BEGIN

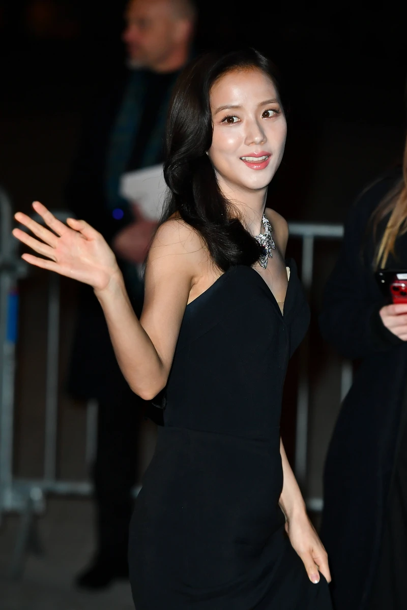「Dior 小公主」Jisoo當天在出席完Dior 2025秋冬大秀之後,晚間忙碌換裝現身羅浮宮晚宴,她穿著Dior黑色魚尾禮服,佩戴Cartier 全新的Panthère Canopée 高級珠寶系列,優雅的魚尾裙襬讓Jisoo的身段被完美襯托。
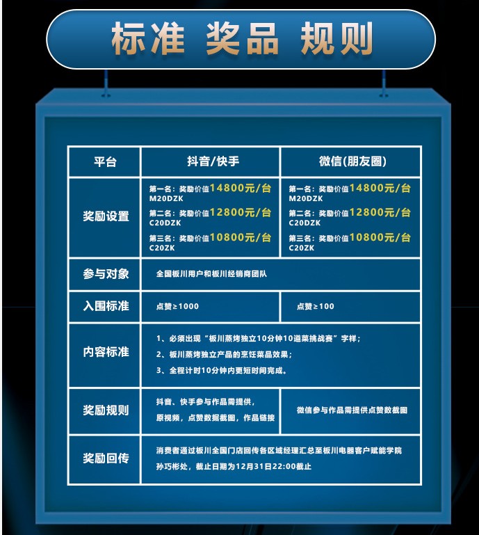 11月-12月參與千店盛宴活動的經銷商與消費者可以在抖音和微信平臺參與評比活動,前三名獲得者,高端集成灶0元帶回家!
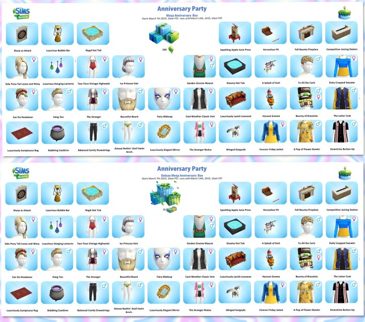 - Deluxe Mega Anniversary Box– costs 75 simcash (this box also contains all the items but you have a better chance of getting rarer items with this box)
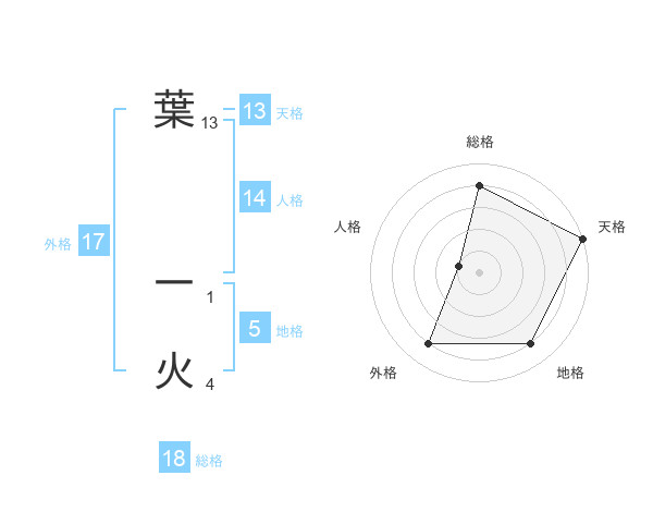 葉 一火さんの総格は18画の4点!
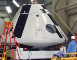 The Orion crew module (CM) is a reusable transportation capsule that provides a habitat for the crew, provides storage for consumables and research instruments, and contains the docking port for crew transfers.[13][14][15] The crew module is the only part of the spacecraft that returns to Earth after each mission and is a 57.5° frustum shape with a blunt spherical aft end, 5.02 meters (16 ft 6 in) in diameter and 3.3 meters (10 ft 10 in) in length,[16] with a mass of about 8.5 metric tons (19,000 lb). It was manufactured by the Lockheed Martin Corporation at Michoud Assembly Facility in New Orleans, Louisiana.[17][18][19][20] It has 50% more volume than the Apollo capsule and will carry four astronauts.[1] After extensive study, NASA selected the Avcoat ablator system to provide heat protection encountered during reentry for the Orion crew module. Avcoat, which is composed of silica fibers with a resin in a honeycomb made of fiberglass and phenolic resin, was formerly used on the Apollo missions and on the Space Shuttle orbiter for early flights.[21]
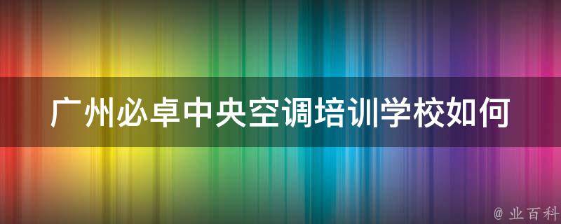 广州必卓中央空调培训学校拥有优美的育人环境、雄厚的师资力量、严格的教学管理、合理的专业设置、先进的教学设备。是首批国家中等职业教育改革发展示范学校;广州市人力资源和社会保障局直属公办国家级重点技工学校;首批国家高技能人才培训基地;全国教育科研先进集体;全国职业教育管理创新学校;广东省技工学校竞争力20强单位。
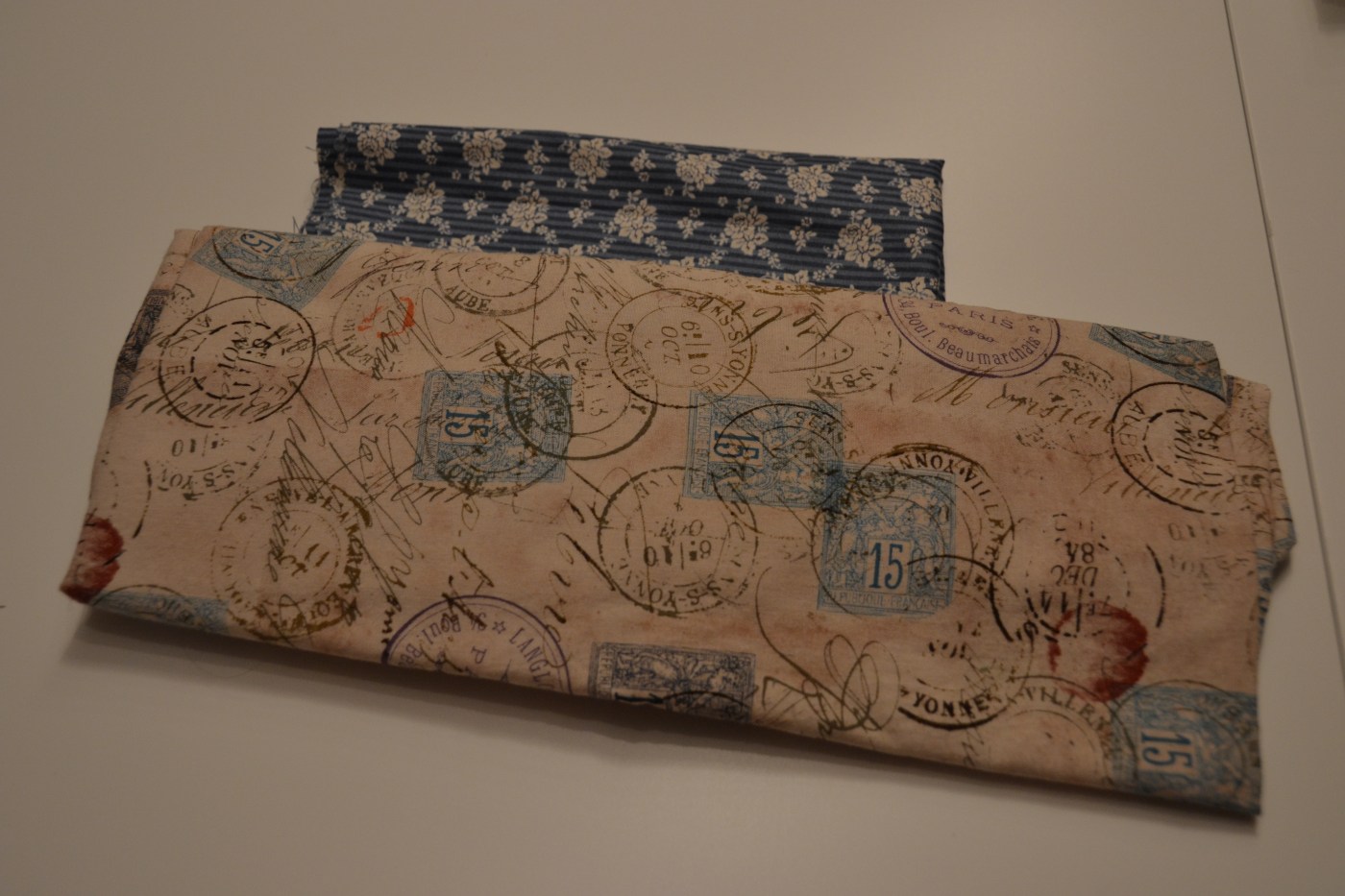 I should start in an organized fashion with the feature fabric first, the beige fabric. It is this beautiful nostalgic design by Tim Holtz for Coats. It’s from the line Eclectic Elements and is called #PWTH 021 Correspondence.
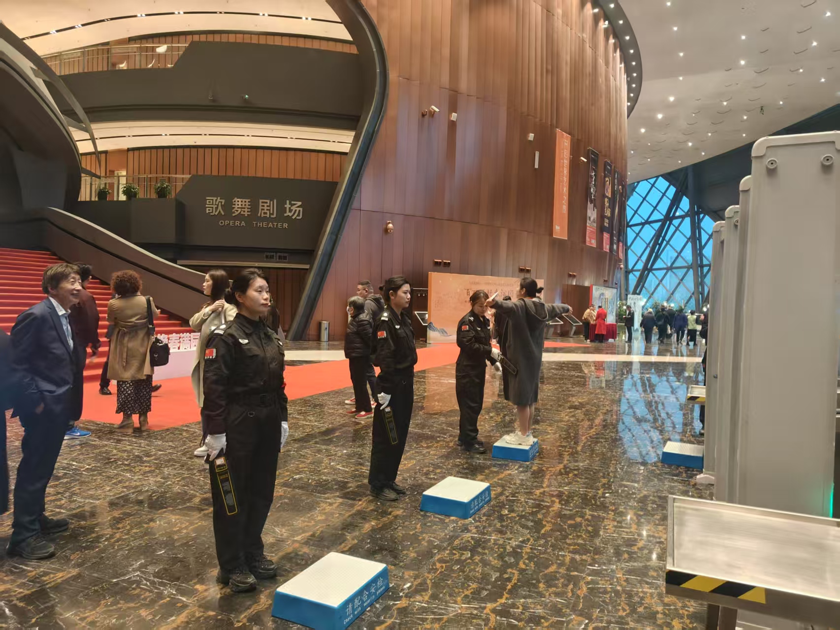 安全保障:筑牢防线,护航文化盛事。秩序组是剧院安全的忠诚守护者,他们提前对剧院各个通道及现场进行了严密的安全检查,不放过任何一个可能存在的安全隐患,从源头上防止安全事故的发生。秩序组以专业的安检设施和高度负责人的态度,对进入剧院的人员和物品进行细致入微的安全检查,严格禁止无证人员和违禁物品进入剧院。在观众进出环节,他们以专业的指引和高效的疏导,快速引导观众有序进入场馆,确保了现场秩序井然。
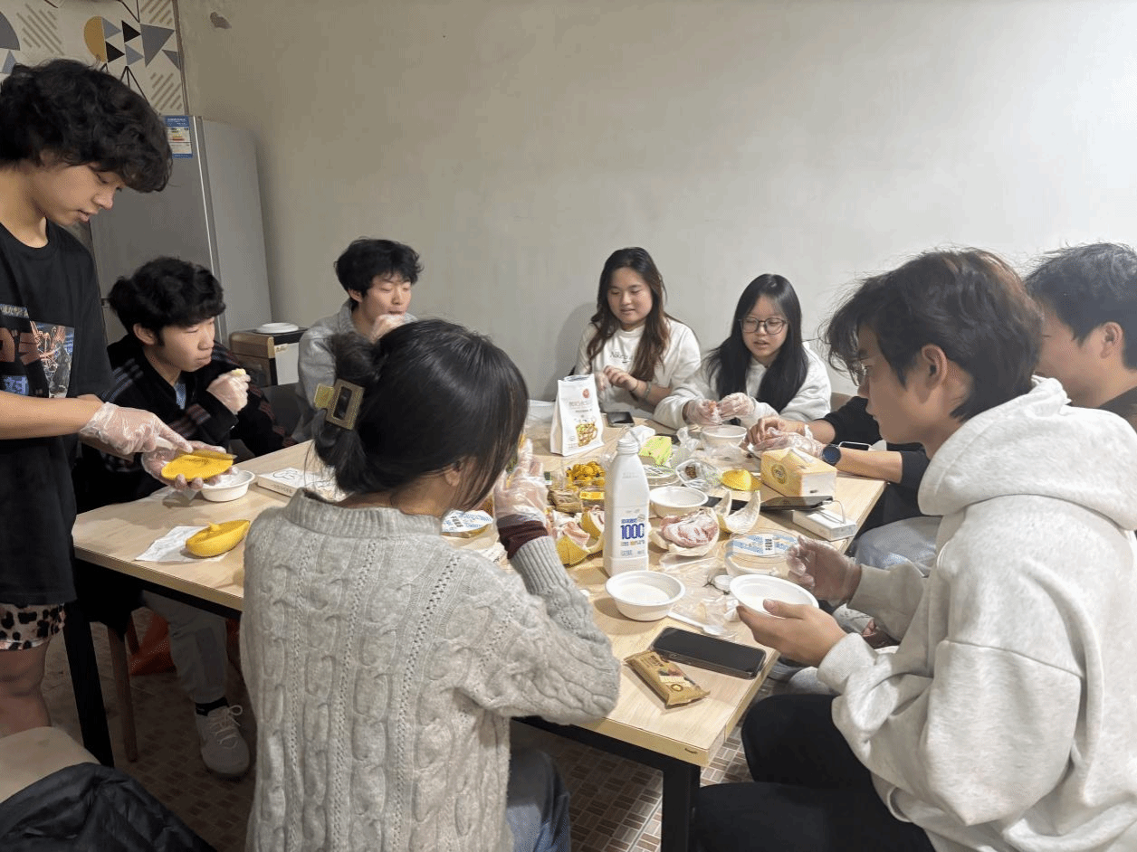 2025年11月12日晚,郭杨老师邀请其导师组的同学们齐聚一堂,一同走进厨房,亲手制作健康美味的餐点。从近来风靡社交网络的酸奶碗,到清爽解腻的固体杨枝甘露,师生们不仅享受了美食的乐趣,更在轻松的交流中拉近了心与心的距离。
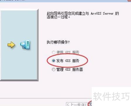 4、 在弹出的添加ArcGIS Server窗口中,选择发布GIS服务选项,点击下一步按钮,操作界面所示。
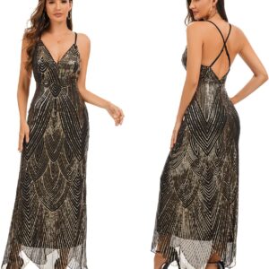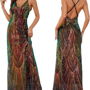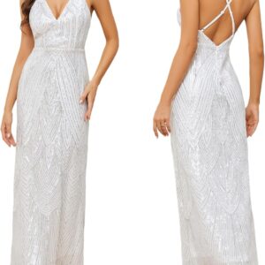 Women’s V Neck Spaghetti Straps Sequin Sparkly Glitter Irregular Hem Prom Dress Bcakless Maxi Evening Gowns
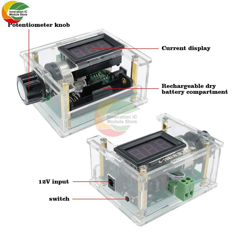 1. Простота в использовании, простая проводка, управление ручкой, регулировка отклика сразу же после выхода, без задержек.2. Диапазон напряжения источника питания: входная мощность 5-28 В постоянного тока, предлагаемый источник питания для 12-24 В постоянного тока.3, защита функциональности: с защитой от обратной полярности входного напряжения, источник питания не работает, не из-за обратного сгорания.4, Стандартный Выходной диапазон тока: вручную регулируя продукт на потенциометре, можно производить 4-20MA выходной ток, для текущего аналогового 4-20MA выход случая.5. Текущее регулирование очень плавное: использование потенциометра с проволочной обмоткой для регулировки тока, плавная регулировка, чтобы избежать общего потенциометра углеродистой пленки, часто производит мутации сопротивления и других сбоев.6, с токоизмерительной головкой, Дисплей Точный.7, с циферблатом, в соответствии с шкалой быстро найти и определить работу оборудования.8, может быть фиксированное значение выходного тока: выходной ток может быть автоматически скорректирован в соответствии с требованиями заказчика в установочной точке, но также делать постоянный ток источника, делать постоянный ток источника, ток на выходе не более 20 мА.9, пропорция золота, легко держать, работа в удовольствие.10. Тестовый выход является нормальным, вы можете использовать мультиметр (ток постоянного тока) коротких "текущий положительный и текущий отрицательный" терминал, сравнить значение дисплея и мультиметр показания одинаковые.11. Продукт используется для: генерации источника сигнала, регулировки клапана, управления инвертором, отладки ПЛК, Тестирования Инструмента, тестирования диода на светильник, выхода аналогового передатчика.4-20MA текущий генератор Выходной импеданс соответствующая проблемаСопротивление выходному сигналу должно соответствовать следующим требованиямВ соответствии с формулой: I = U / R (ток = напряжение, деленное на сопротивление)Таким образом, ваше напряжение питания, разделенное внутренним сопротивлением сигнала, равно вашему приемнику сигнала, может производить максимальный ток.Кроме того, наш генератор тока также имеет определенное внутреннее сопротивление.Так что приходите к такой формуле:Напряжение питания/(сопротивление сигнала клиента + внутреннее сопротивление нашего генератора тока) = Выход постоянного токаПоскольку источник питания нашего модуля составляет 4-35 В напряжения, поэтому, если напряжение питания низкое, и внутреннее сопротивление клиента большое, модуль будет производить постоянный ток не будет достаточно.Вот соответствующие требования к сигналу для нашего модуля:24 В источник питания, сопротивление сигнала не должно быть больше 1000 Ом.12 В источник питания, сопротивление сигнала не должно быть больше 500 Ом.5 в источник питания, сопротивление сигнала не может быть больше 200 Ом.Если сопротивление сигнала превышает вышеуказанные параметры, вы можете улучшить напряжение питания или уменьшить сопротивление сигнала этими двумя способами, чтобы решить проблему с источником постоянного тока. Следует отметить, что напряжение питания не может быть увеличено до более чем 28 в или более.Посылка включает в себя:1 х 4-20мА генератор сигналов тока ручной цифровой аналоговый генератор перезаряжаемый

END

ASSIGNMENT: Reproduce the entries exactly, from the line with "11月-12月參與千店盛宴活" to the line with "葉 一火さんの総格は18画の4点!", both lines included, keeping no pictures.

RESPONSE:
 11月-12月參與千店盛宴活動的經銷商與消費者可以在抖音和微信平臺參與評比活動,前三名獲得者,高端集成灶0元帶回家!
 - Deluxe Mega Anniversary Box– costs 75 simcash (this box also contains all the items but you have a better chance of getting rarer items with this box)
 葉 一火さんの総格は18画の4点!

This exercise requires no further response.